Pasó un par de semanas o un mes o un año dentro de ese verano que no terminaba nunca y las llamas de la hoguera seguían confinadas en círculos de piedras, pero su altura, alimentada día a día, llegó una tarde a la altura del piso donde vivía Javi. Eso debió de inspirarle, porque dijo que íbamos a hacer antorchas, que éramos saqueadores de pirámides invertidas, que es donde los demonios entierran a sus mejores generales, al final de túneles infames y sudorosos. Nos enseñó a liar plásticos a unos palos largos y los pusimos al amor de las llamas, dándoles vueltas despacio para que aquella masa deformada se abrazase a la madera. Pasado un rato, Javi alzó su antorcha para liderarnos y lanzó el grito de guerra más atronador y terrible que he oído jamás, porque parte del plástico se escurrió en gotas de fuego que llovieron sobre él. Así aprendimos que también las ambulancias eran capaces de llegar al barrio.
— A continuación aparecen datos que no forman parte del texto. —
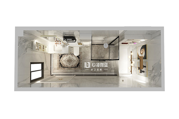 一字形布局功能区,顺序按梳洗区、马桶区、淋浴房、浴缸以此排列。为适应大部分人群的行为动线,把最频繁使用的洗手台跟马桶放在最外面靠门处,较少使用的浴缸放在最里面。
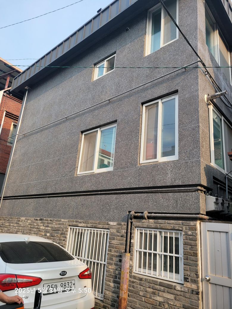 사진을 보니까 건물 외벽 시공 방식은 '셀룰로오스 단열재 습식 공법'일거 같아요. 이건 재활용 신문지 등 종이 섬유에 난연 처리와 방부 처리를 하여 만든 친환경 단열재를 물과 접착제에 섞어 기계로 분사하는 방식인데 방수도 되죠.
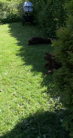 Laser och Enzo passar sovande barn...
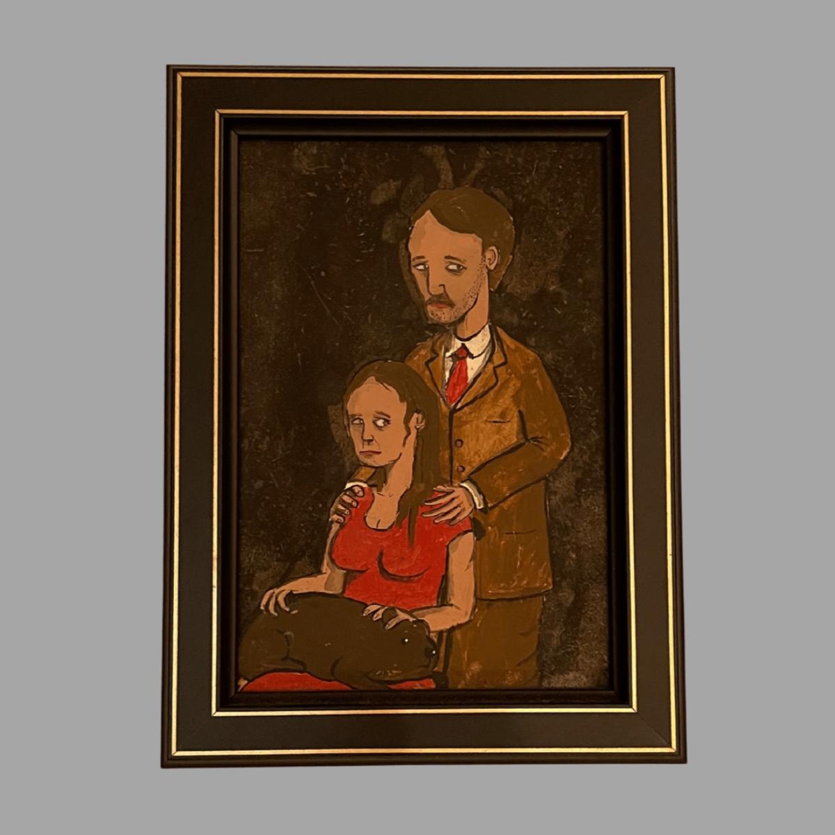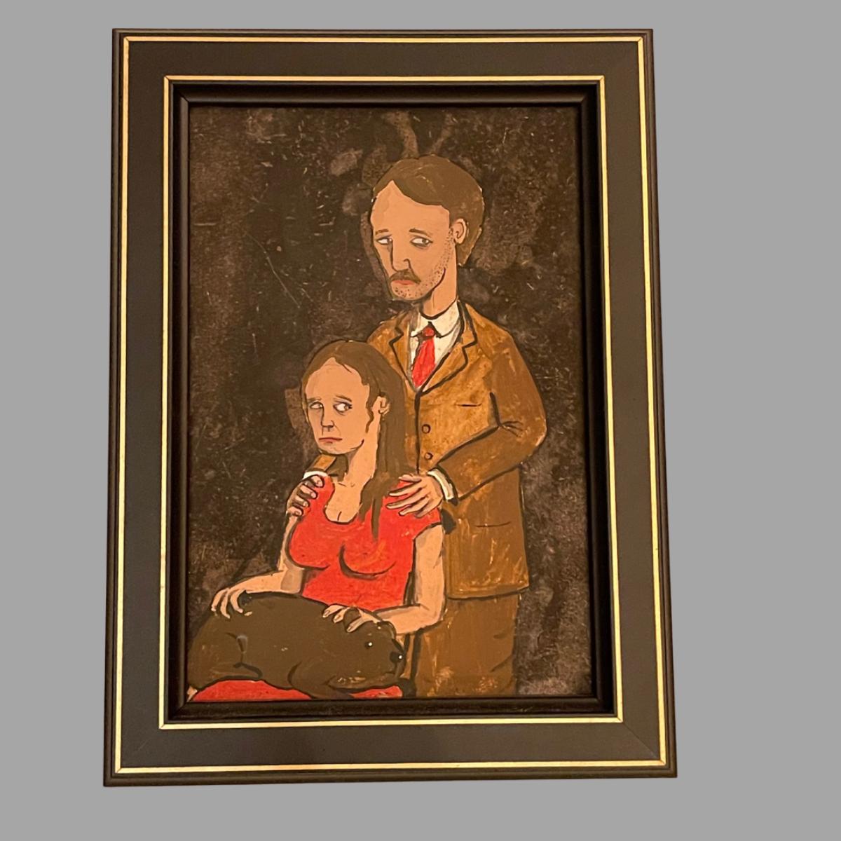 A local artist was asked to do a portrait of a man and his wife. This picture was done as a takeoff of the original but with a nutria on the wife’s lap. Comical rendition. Measures 6 x 8
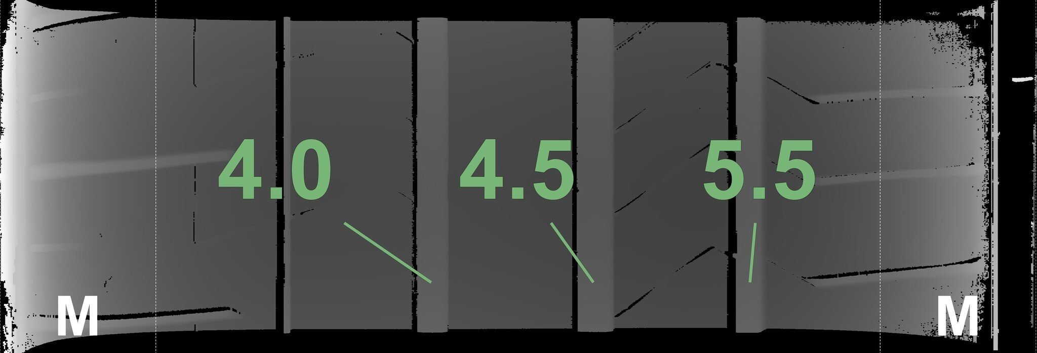 De gemeten profieldieptes en de details van de velgen zijn hierboven weergegeven.
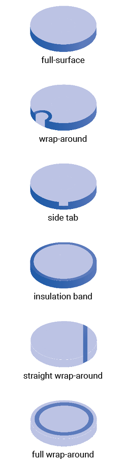 | 电极设计 | 多种设计可选:全表面电极、环绕式电极、侧边焊片电极、绝缘带电极、直绕式电极、全环绕式电极(参见右栏) |

Durante los días que Javi estuvo en un hospital muy lejos del fin del mundo, nuestras madres nos prohibieron jugar con fuego, ir al descampado, bajar a la calle y, luego, lentamente, nos fueron levantando los castigos. Primero, porque era peor tenernos en casa; luego, porque el descampado era el mejor sitio para jugar y, por último, no tuvieron más remedio que aceptar que no podían retirarnos el fuego, porque una vez que se sabe algo no puede dejar de saberse. Justo cuando aceptaron que el fuego estaba allí para quedarse, Javi regresó. Durante semanas tuvo un vendaje enorme alrededor del cuello, que se recortó más tarde en un apósito y quedó, poco antes de volver al colegio, en una cicatriz alargada, bajo la cual se podía ver una palpitación siempre que se enfadaba, que era muy a menudo porque sus padres ya no le dejaban salir a jugar al descampado y tenía que ir a verle a casa, para jugar en su habitación, ocupada por dos juegos de literas para él y sus hermanos. Pero rara vez le apetecía jugar, tal vez porque el enfado no se le pasaba nunca del todo y porque temía que sus padres le iban a tener castigado para siempre. Cuando decía eso se rozaba apenas la cicatriz alargada con la yema de los dedos, muy roja todavía, y yo me daba cuenta de que estábamos aprendiendo algo que aún no sabíamos muy bien lo que era.